D言語

【D言語】dmd v2.101.0へのアップデートで踏んだ破壊的変更

久々に既存コードが壊れちまった!

日本時間の11月16日にdmdのv2.101.0がリリースされた。

筆者は基本的に、dmdがバージョンアップされるたびに(嬉々として)アップデートしているのだが、今回かなり久しぶりに破壊的変更に見舞われた。

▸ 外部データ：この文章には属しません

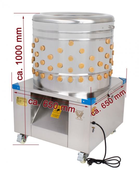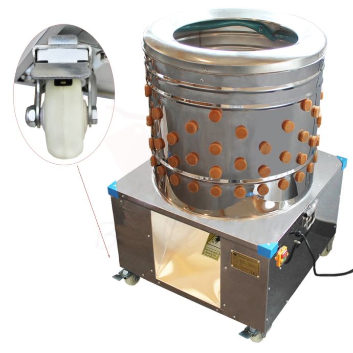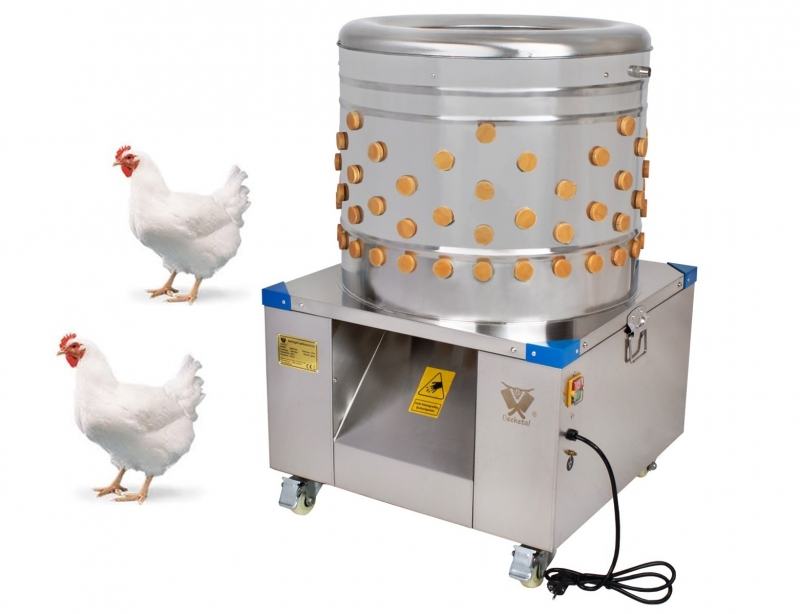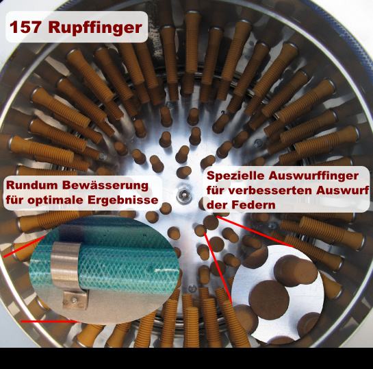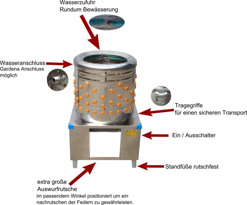 Skidač peradi izrađen je od nehrđajućeg čelika, opremljen sa 147 gumenih prstiju. Zaobljeni gornji rubovi sprječavaju nepotrebno prskanje vode. Berač je opremljen vrlo snažnim monofaznim motorom (1500W). Brzina čupanja je cca. 15 sek.

今回起こった事象の中には、筆者の勘違いや環境固有のものが含まれるかもしれないし、そもそも筆者のプログラムミスが明るみに出ただけのものもあるが、一応まとめておく。

破壊的変更一覧

今回踏んだ破壊的変更(と思われるもの)は以下の3件。

CおよびWindowsリンケージでのin引数の無効化

これは、コンパイル引数に-preview=inが設定されていることが前提となる。

まず説明しておくと、-preview=inとは、func(in T t)という引数をfunc(scope const ref T t)という風に(状況に応じて)変換してくれる機能だ。

readonlyな引数にしたい場合に、scope const refとか長ったらしい記述をせずに単にinと書けば済むという、タイピングや見た目の面でのメリットがまずひとつ。

そしてもうひとつは、構造体の場合、サイズに応じて値コピーにするか参照渡し(ref)にするかを自動的に判断して最適化を施してくれるという点。これがとてもナイスなのだ。

話を戻す。この-preview=inによって、引数のinscope const refに変換された場合に、それがD言語のインターフェースなら問題ないのだが、CやWindowsのABIにはscope refに相当するものがないのでマズイことになる。

そこで、v2.101.0からはextern(C)およびextern(Windows)のリンケージを持つインターフェースにinを使用するとコンパイルエラーになるよう変更が入ったわけだ。

この変更自体は至極もっともで理にかなったものなのだが、これによって、Phobosに使われていたextern付きのin引数が軒並みコンパイルエラーを吐くようになってしまったのだ。

具体的には、std.internal.windows.advapi32std.stdioが影響を受けたモジュールである。

一応D言語コミュニティーもこの問題に気づいていたらしく、inscope const書き換える対応を行っていたが、どうやらこれはmasterにしか適用されておらず、v2.101.0のリリースには適用されていないようだ。

仕方がないので、ライブラリ側の問題となっているコードを自力で書き換えて何とかしのいだが、この対応で問題なかっただろうか? 少々不安である。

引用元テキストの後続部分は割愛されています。